Definitely use the map option with element-values. Use an element-range-query
instead of the element-value-query, too. You're already using the range index
for the rest of the query, after all.
This returns a sequence of any values that are given, but invalid:
xquery version "1.0-ml";
let $i1-qn := xs:QName("index1")
let $given-seq-codes := ("222","333", "newval") (:1k to 10k with maybe 100
newvals:) (:newval is test new code value:)

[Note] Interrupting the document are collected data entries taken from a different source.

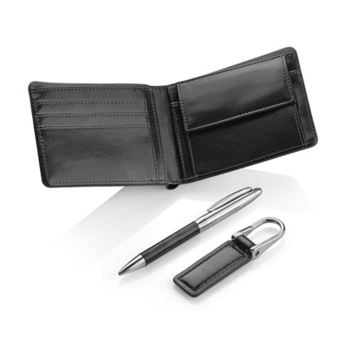 Description L'ensemble-cadeau comporte un portefeuille, un porte-clés et un stylo à bille métallique. Le portefeuille est fabriqué en cuir écologique. Il comporte 2 rangements pour les billets, une poche pour les monnaies et autres poches supplémentaires pour les cartes de crédit ou les réceptions. L'ensemble est emballé dans une boîte noire élégante. Le logo sera gravé aussi sur chaque éléments de set que sur la boîte. Long. 92 Larg. 120 H. 18 |
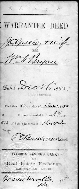 Receipt for medical services dated 12/31/1882 and Warrantee Deed between J. C. Greeley/Leonora K. Greeley & William A. Bryan dated 12/26/1885Collection
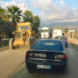 Die Kreuzung ist inzwischen verstopft und ein ander Fahrer fragt wo wir hin wollen. Jobo sagt nach Shkodar. Er zeigt wir sollen in die Baustelle fahren und der Bauarbeiter lässt uns passieren.
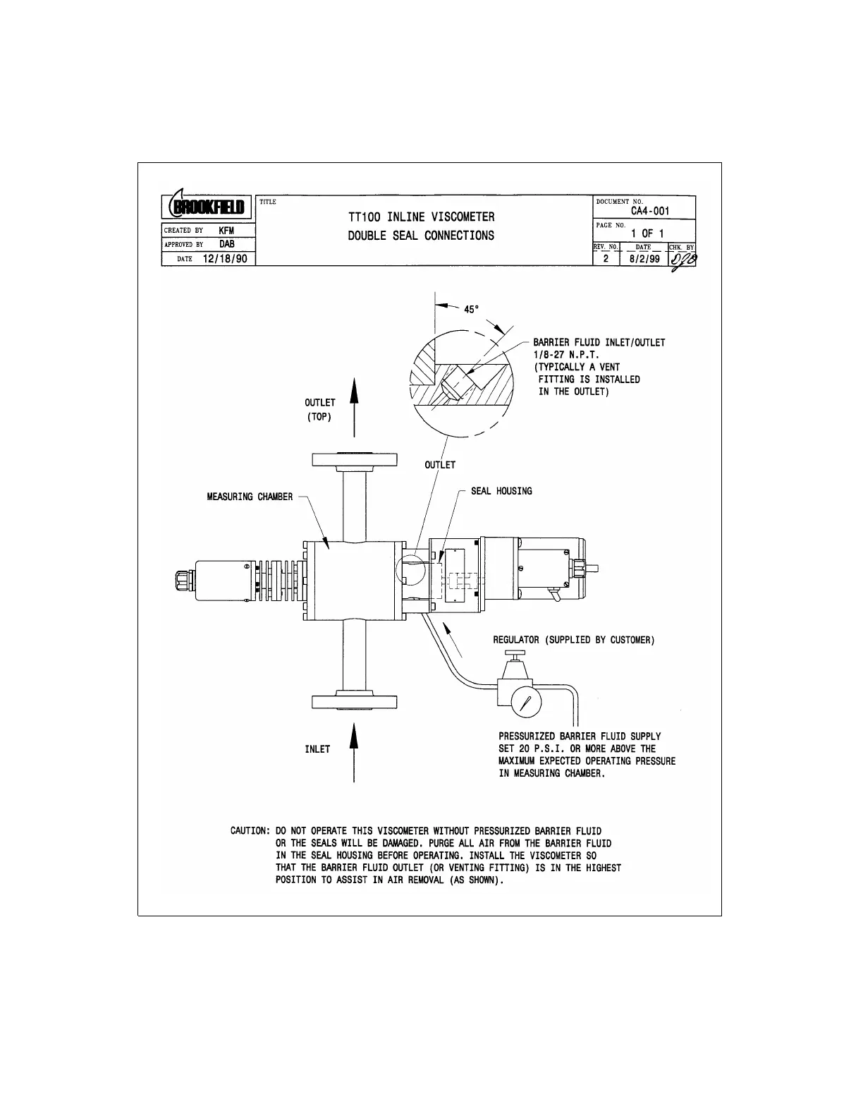 Figure B-10:TT100 In-Line Viscometer Double Mechanical Seal Connections
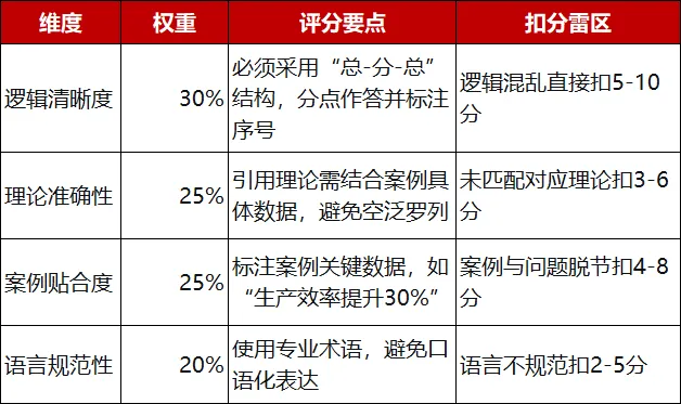 一、案例分析题评分标准(4大核心维度)
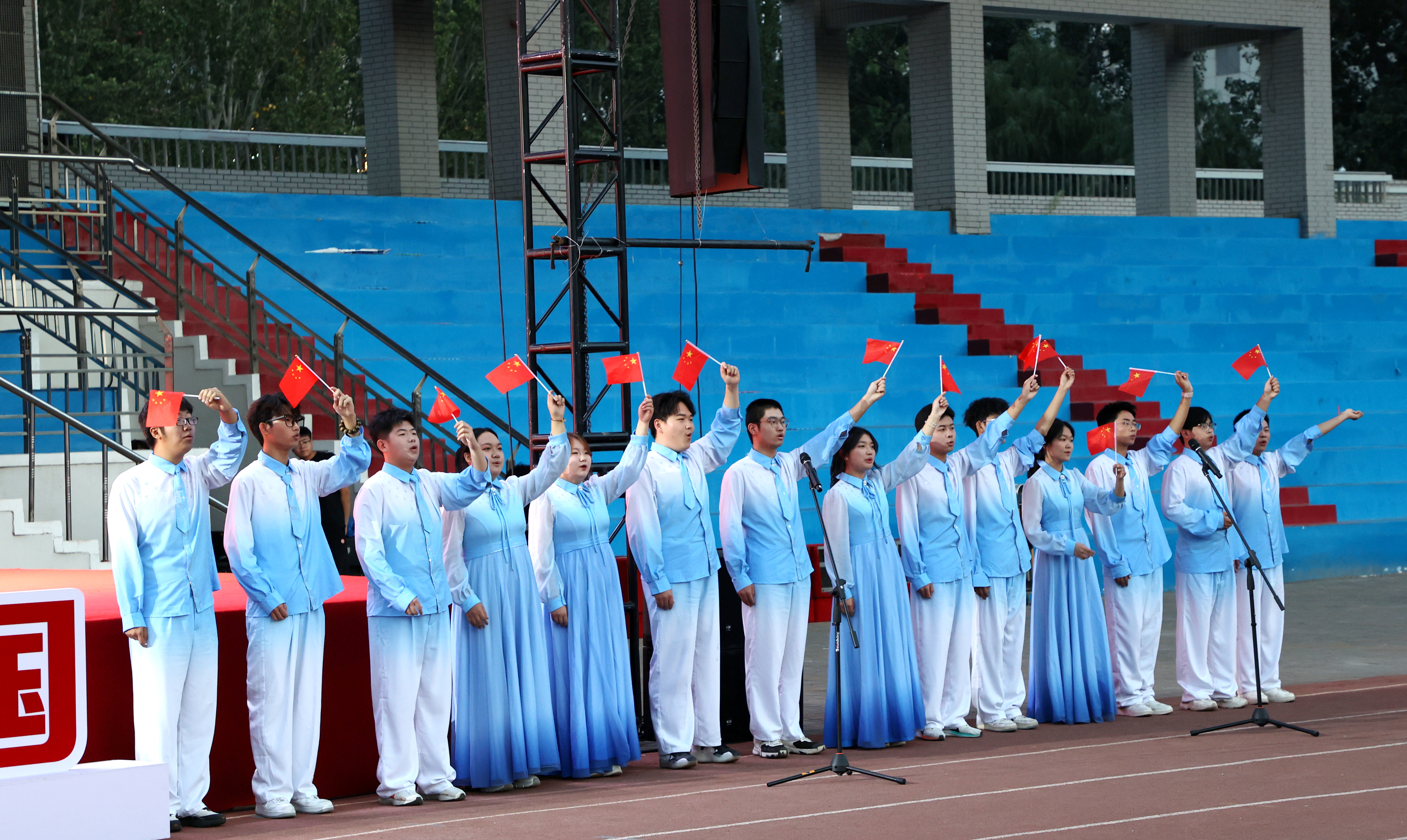 在新中国成立76周年即将到来之际,在“杨靖宇支队”战旗荣归故里之时,9月29日,九游j9官网入口(中国)官方网站2025级新生开学第一堂思政大课在湖西校区体育场举行。
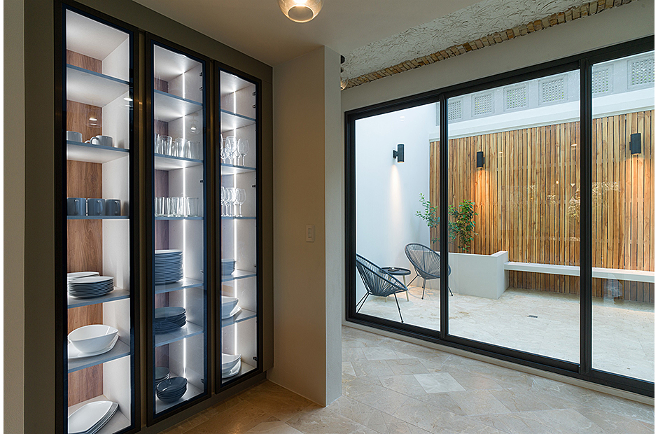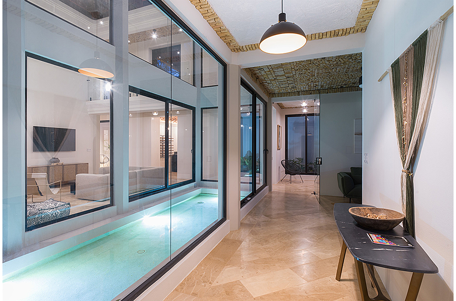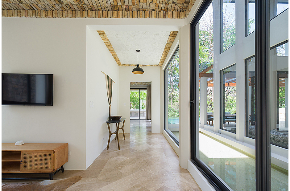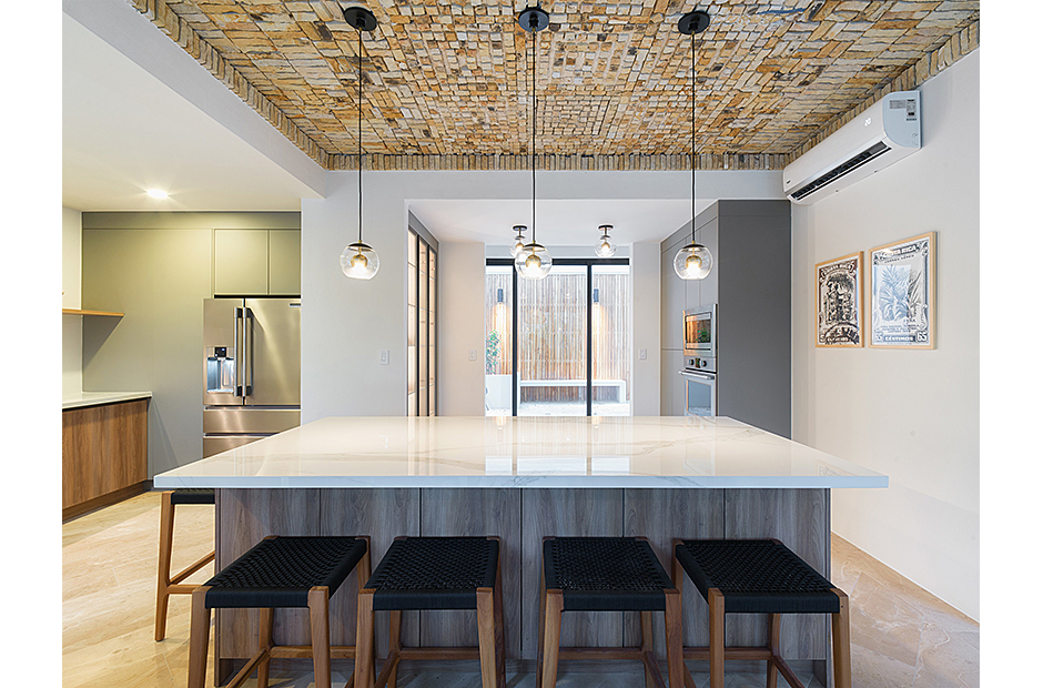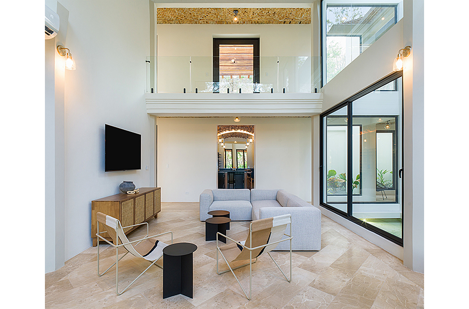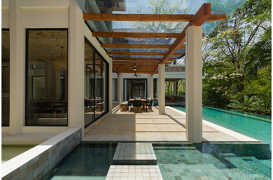 Spacious double-height living room adjoins the gourmet kitchen and indoor dining area. Pull a bottle from the wine cave and take in the tropical surroundings.

let $qry := cts:element-range-query($i1-qn, '=', $given-seq-codes)
let $valid-map := cts:element-values($i1-qn, (), 'map', $qry)
let $given-map := map:map()
let $_ := for $i in $given-seq-codes return map:put($given-map, $i, $i) (:
pre-ML6 :)
return map:keys($given-map - $valid-map)
With ML6 the map:put code could be a little more elegant - and probably a
little faster for large sequences.
let $_ := $given-seq-codes ! map:put($given-map, ., .) (: ML6+ :)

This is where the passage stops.